As a PR intern, I must say that this experience was really amazing and priceless. It gave me the opportunity to show to my employers, one of my main talents: being a versatile person. I could do anything if I was well briefed.

In fact, at my workplace, I could have been left with only doing basic things which are known to be very cliché such as photo copies, make coffee, and so on. But the thing is, I was considered as an employee and I was given real responsibilities which I took very seriously.

Furthermore, I realised something during the event. To my opinion, I understood that we, as PR students and later on as PR agents, cannot and, will never again, rely on journalists’ promises to assist to events. Before the event, we have spent considerable time making so many call-backs to the journalists every day for one week prior to the event to see if they have got the e-Press Invitations and to confirm their presence.



We continued to phone them in the morning of the event to make them remember to come by and they confirmed. Then again, we phoned them on arriving to the site to explain them the road and they would still say that they were on the road coming to the event0! But as the event went through, out of 15, only two journalists made the effort to come. I really cannot understand them. What’s the use of confirming their presence and do not come later? I think that this is the only thing that went wrong. I was really disappointed but what to do? It was one risk to take.

After the event, we had so much things to do such as calling back journalists again for the photo people and reading loads of newspaper to see if there was a maximum media coverage. And I can tell you there was - though journalists did not attend the event!

Moreover, I think as a PR student and as most of us said in our first blog posts, we were scared to make phone calls and working as PR agents in the real world, I think that by now, we are used to the daily quota of work. Besides, I think that though we have been going on through a lot lately with work pressure and on-going courses - meaning on-going assignments too! -, I think that we have been taking our roles very seriously and with countless patience. This perseverance and patience have made me see things differently in the workplace. It has helped me to broaden my knowledge and made me acquire hands-on experience especially during the event. As the famous quote says it all:
“All great work requires daily practice and endless patience!”

Enjoy being a PR Intern.

Stay tuned for my next blog post,
Keshya S. Rassen.



1 comment:

AlyssaRobertson said...

Sounds like you had your hands full with all the event planning.

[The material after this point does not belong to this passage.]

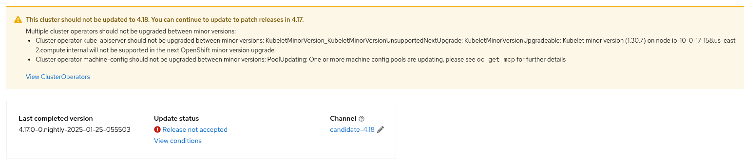 1. Console UI shows a warning bar: This cluster should not be upgrade to 4.18.
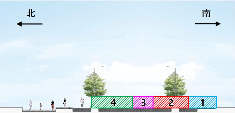 采用“分车道逐段抢修、完工一段恢复一段”模式,分四期施工,施工期间机动车利用剩余机动车道双向通行,非机动车、行人正常通行。

During my internship I also had to do a number of event planning activities. When you are studying at Uni, you get told about all the effort and time that goes in to putting an event together and all the stress that comes along with it, but i never imagined the extent of that!

You know about all the work that goes in to the planning but what you don't realise is how much work goes in to each individual task. As you said, you have to call journalists a bunch of times just for the hope they will show up! It is insane the lengths we go to for attention.